COLLECTED DATA —
--- START ---

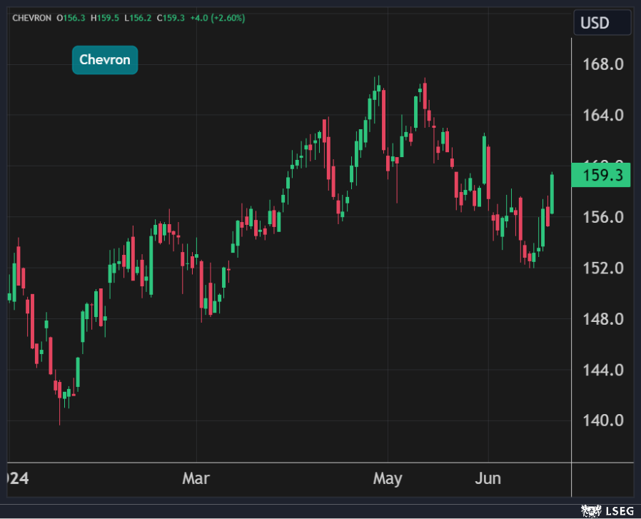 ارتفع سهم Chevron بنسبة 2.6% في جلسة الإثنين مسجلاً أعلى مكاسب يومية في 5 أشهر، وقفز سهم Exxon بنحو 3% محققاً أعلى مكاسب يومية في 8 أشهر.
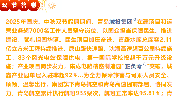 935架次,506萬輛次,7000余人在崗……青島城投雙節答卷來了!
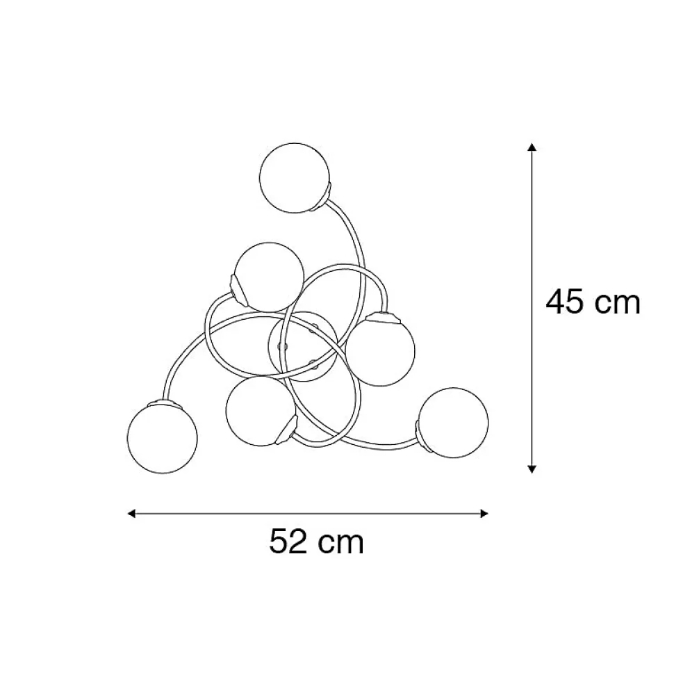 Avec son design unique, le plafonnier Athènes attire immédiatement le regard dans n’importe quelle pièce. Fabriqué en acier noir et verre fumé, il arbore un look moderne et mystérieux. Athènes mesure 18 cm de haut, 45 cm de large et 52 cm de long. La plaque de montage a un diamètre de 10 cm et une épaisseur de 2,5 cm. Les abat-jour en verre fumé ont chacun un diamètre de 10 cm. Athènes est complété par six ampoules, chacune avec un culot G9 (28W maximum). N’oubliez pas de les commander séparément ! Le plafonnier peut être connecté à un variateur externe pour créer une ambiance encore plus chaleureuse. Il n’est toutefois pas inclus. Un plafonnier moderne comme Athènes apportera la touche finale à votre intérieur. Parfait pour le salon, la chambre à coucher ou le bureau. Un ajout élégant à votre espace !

--- END ---

ACTIVITY —
Reproduce all of the material above word for word. Omit the pictures.

SOLUTION FOR THIS PROBLEM —
 ارتفع سهم Chevron بنسبة 2.6% في جلسة الإثنين مسجلاً أعلى مكاسب يومية في 5 أشهر، وقفز سهم Exxon بنحو 3% محققاً أعلى مكاسب يومية في 8 أشهر.
 935架次,506萬輛次,7000余人在崗……青島城投雙節答卷來了!
 Avec son design unique, le plafonnier Athènes attire immédiatement le regard dans n’importe quelle pièce. Fabriqué en acier noir et verre fumé, il arbore un look moderne et mystérieux. Athènes mesure 18 cm de haut, 45 cm de large et 52 cm de long. La plaque de montage a un diamètre de 10 cm et une épaisseur de 2,5 cm. Les abat-jour en verre fumé ont chacun un diamètre de 10 cm. Athènes est complété par six ampoules, chacune avec un culot G9 (28W maximum). N’oubliez pas de les commander séparément ! Le plafonnier peut être connecté à un variateur externe pour créer une ambiance encore plus chaleureuse. Il n’est toutefois pas inclus. Un plafonnier moderne comme Athènes apportera la touche finale à votre intérieur. Parfait pour le salon, la chambre à coucher ou le bureau. Un ajout élégant à votre espace !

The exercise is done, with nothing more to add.